Restate the listing word for word; omit the images.
--- Raw data Enclosed Below ---
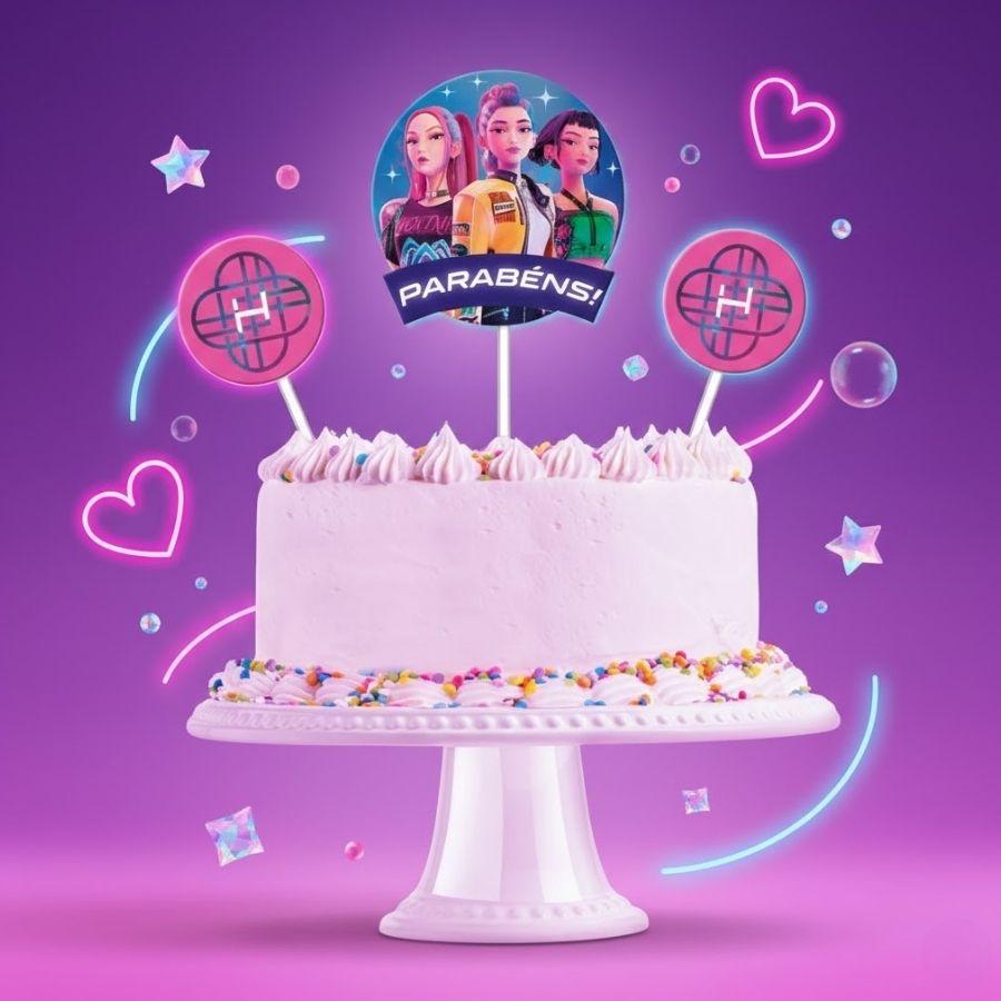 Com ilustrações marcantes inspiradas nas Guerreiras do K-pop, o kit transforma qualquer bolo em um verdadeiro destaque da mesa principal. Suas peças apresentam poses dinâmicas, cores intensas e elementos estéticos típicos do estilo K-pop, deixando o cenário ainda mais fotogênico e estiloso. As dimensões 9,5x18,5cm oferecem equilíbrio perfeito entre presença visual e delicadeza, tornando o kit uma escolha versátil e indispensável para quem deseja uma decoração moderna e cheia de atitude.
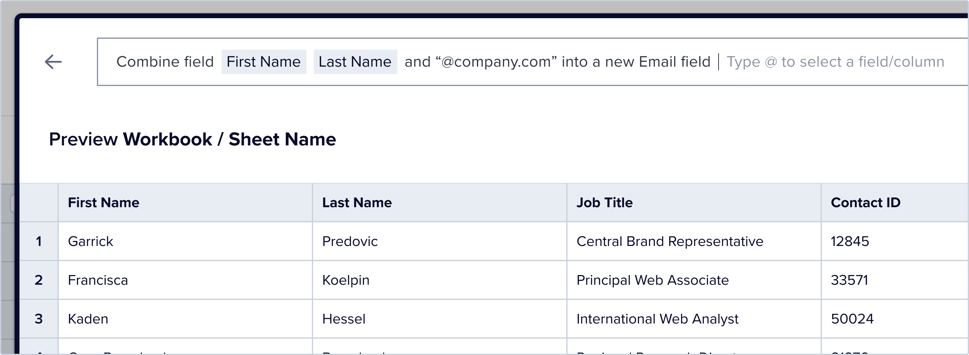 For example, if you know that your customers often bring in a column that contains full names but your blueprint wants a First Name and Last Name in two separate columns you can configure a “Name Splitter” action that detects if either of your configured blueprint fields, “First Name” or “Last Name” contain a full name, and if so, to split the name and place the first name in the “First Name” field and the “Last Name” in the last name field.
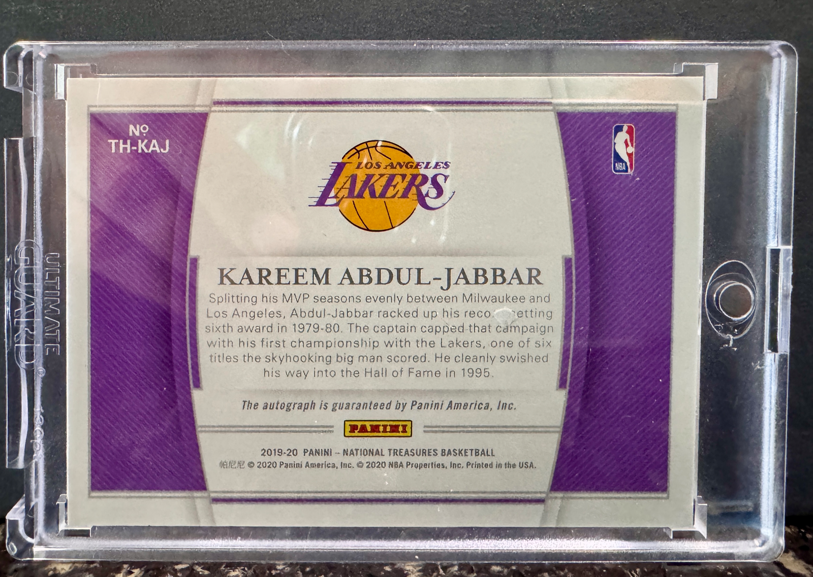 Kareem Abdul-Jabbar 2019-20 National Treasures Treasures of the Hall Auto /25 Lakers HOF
--- End of Enclosed Raw data ---
◆ Response to this task
 Com ilustrações marcantes inspiradas nas Guerreiras do K-pop, o kit transforma qualquer bolo em um verdadeiro destaque da mesa principal. Suas peças apresentam poses dinâmicas, cores intensas e elementos estéticos típicos do estilo K-pop, deixando o cenário ainda mais fotogênico e estiloso. As dimensões 9,5x18,5cm oferecem equilíbrio perfeito entre presença visual e delicadeza, tornando o kit uma escolha versátil e indispensável para quem deseja uma decoração moderna e cheia de atitude.
 For example, if you know that your customers often bring in a column that contains full names but your blueprint wants a First Name and Last Name in two separate columns you can configure a “Name Splitter” action that detects if either of your configured blueprint fields, “First Name” or “Last Name” contain a full name, and if so, to split the name and place the first name in the “First Name” field and the “Last Name” in the last name field.
 Kareem Abdul-Jabbar 2019-20 National Treasures Treasures of the Hall Auto /25 Lakers HOF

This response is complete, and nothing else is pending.